**AVAILABLE DATA**
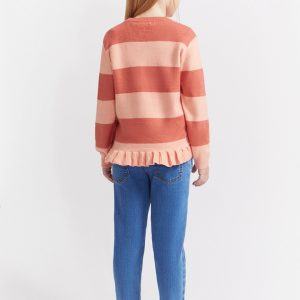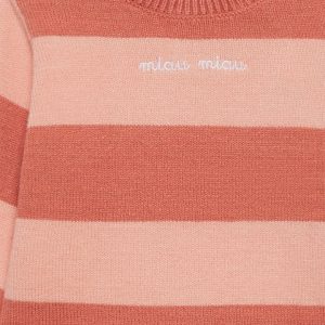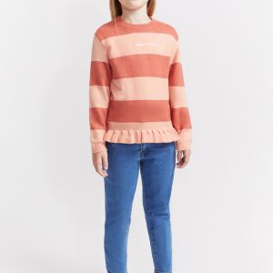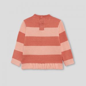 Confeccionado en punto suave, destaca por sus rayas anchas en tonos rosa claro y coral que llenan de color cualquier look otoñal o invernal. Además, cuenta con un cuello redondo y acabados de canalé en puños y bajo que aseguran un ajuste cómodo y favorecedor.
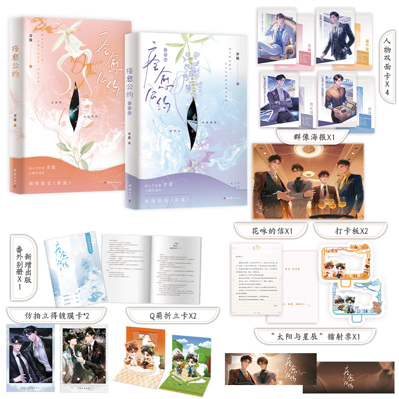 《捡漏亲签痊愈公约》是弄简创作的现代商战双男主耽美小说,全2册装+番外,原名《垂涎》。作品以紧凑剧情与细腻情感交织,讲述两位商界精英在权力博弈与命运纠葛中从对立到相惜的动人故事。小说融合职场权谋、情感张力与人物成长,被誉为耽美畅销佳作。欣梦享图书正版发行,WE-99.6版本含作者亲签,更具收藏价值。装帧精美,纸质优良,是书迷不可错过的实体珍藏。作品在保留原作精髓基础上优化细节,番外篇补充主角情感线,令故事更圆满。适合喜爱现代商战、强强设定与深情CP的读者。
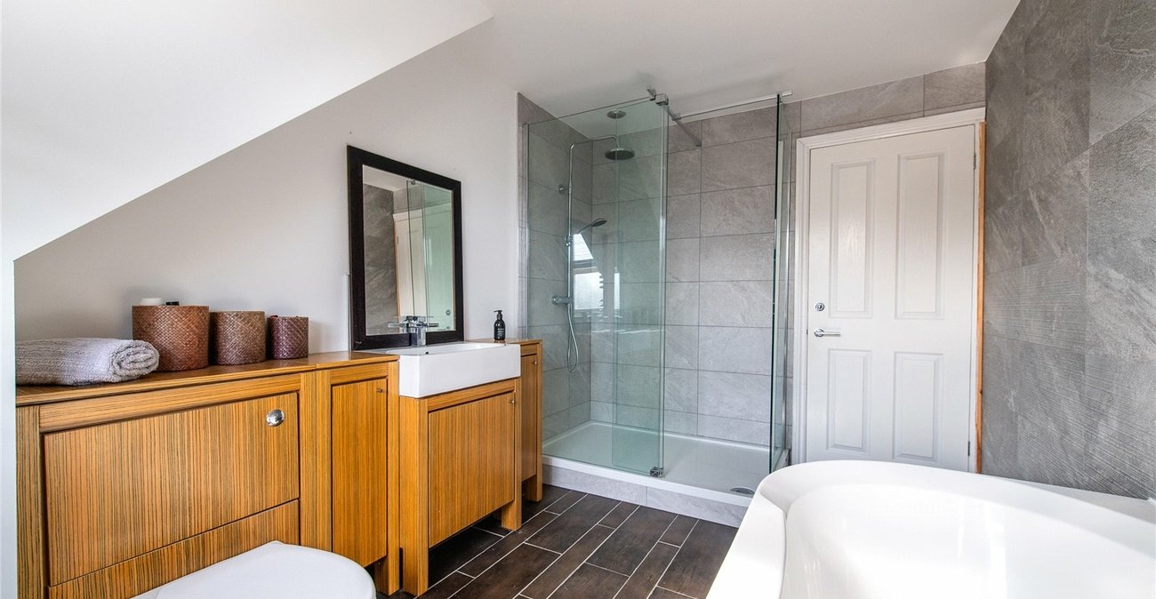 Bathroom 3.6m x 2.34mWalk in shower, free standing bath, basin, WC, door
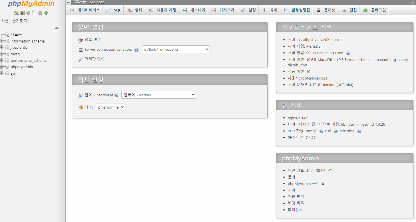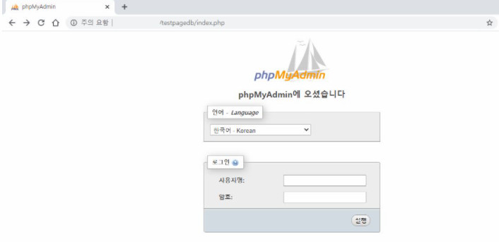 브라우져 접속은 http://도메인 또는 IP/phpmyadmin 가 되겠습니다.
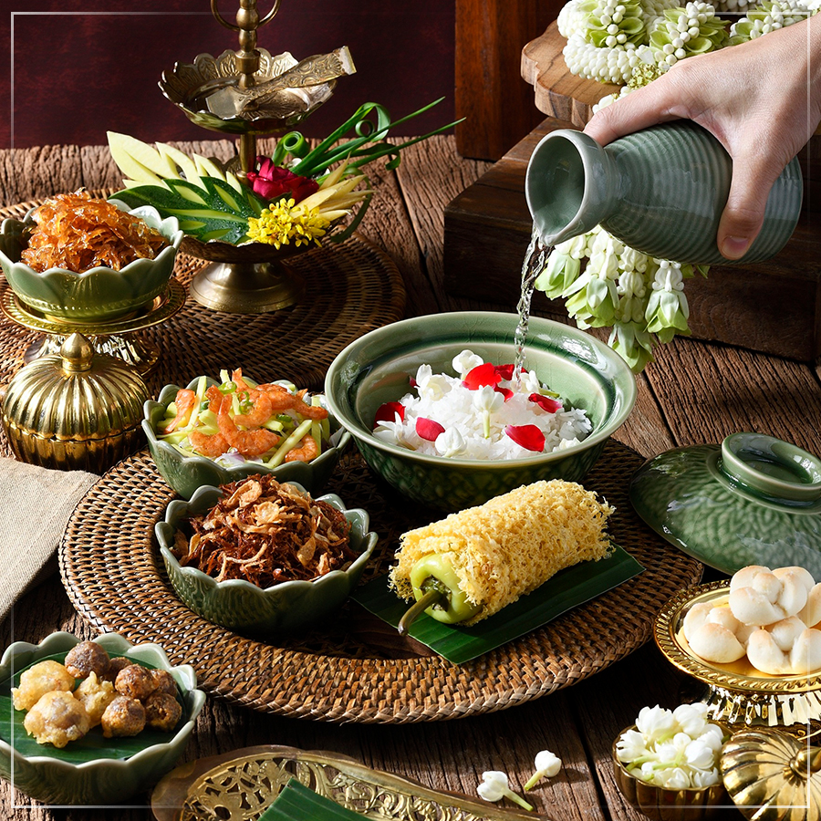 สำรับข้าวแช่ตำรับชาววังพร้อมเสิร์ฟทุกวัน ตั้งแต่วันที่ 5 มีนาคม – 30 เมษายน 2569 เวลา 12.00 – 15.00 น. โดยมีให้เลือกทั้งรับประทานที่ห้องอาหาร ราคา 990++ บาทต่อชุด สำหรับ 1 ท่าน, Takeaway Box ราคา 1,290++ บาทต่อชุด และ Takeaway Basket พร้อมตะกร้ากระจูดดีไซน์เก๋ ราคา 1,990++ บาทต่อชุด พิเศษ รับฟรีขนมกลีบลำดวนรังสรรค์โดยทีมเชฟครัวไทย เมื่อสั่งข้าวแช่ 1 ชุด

**WHAT THE TASK REQUIRES**
Your answer must be the records above, word for word, with no pictures.

**OUTPUT FOR THIS TASK**
 Confeccionado en punto suave, destaca por sus rayas anchas en tonos rosa claro y coral que llenan de color cualquier look otoñal o invernal. Además, cuenta con un cuello redondo y acabados de canalé en puños y bajo que aseguran un ajuste cómodo y favorecedor.
 《捡漏亲签痊愈公约》是弄简创作的现代商战双男主耽美小说,全2册装+番外,原名《垂涎》。作品以紧凑剧情与细腻情感交织,讲述两位商界精英在权力博弈与命运纠葛中从对立到相惜的动人故事。小说融合职场权谋、情感张力与人物成长,被誉为耽美畅销佳作。欣梦享图书正版发行,WE-99.6版本含作者亲签,更具收藏价值。装帧精美,纸质优良,是书迷不可错过的实体珍藏。作品在保留原作精髓基础上优化细节,番外篇补充主角情感线,令故事更圆满。适合喜爱现代商战、强强设定与深情CP的读者。
 Bathroom 3.6m x 2.34mWalk in shower, free standing bath, basin, WC, door
 브라우져 접속은 http://도메인 또는 IP/phpmyadmin 가 되겠습니다.
 สำรับข้าวแช่ตำรับชาววังพร้อมเสิร์ฟทุกวัน ตั้งแต่วันที่ 5 มีนาคม – 30 เมษายน 2569 เวลา 12.00 – 15.00 น. โดยมีให้เลือกทั้งรับประทานที่ห้องอาหาร ราคา 990++ บาทต่อชุด สำหรับ 1 ท่าน, Takeaway Box ราคา 1,290++ บาทต่อชุด และ Takeaway Basket พร้อมตะกร้ากระจูดดีไซน์เก๋ ราคา 1,990++ บาทต่อชุด พิเศษ รับฟรีขนมกลีบลำดวนรังสรรค์โดยทีมเชฟครัวไทย เมื่อสั่งข้าวแช่ 1 ชุด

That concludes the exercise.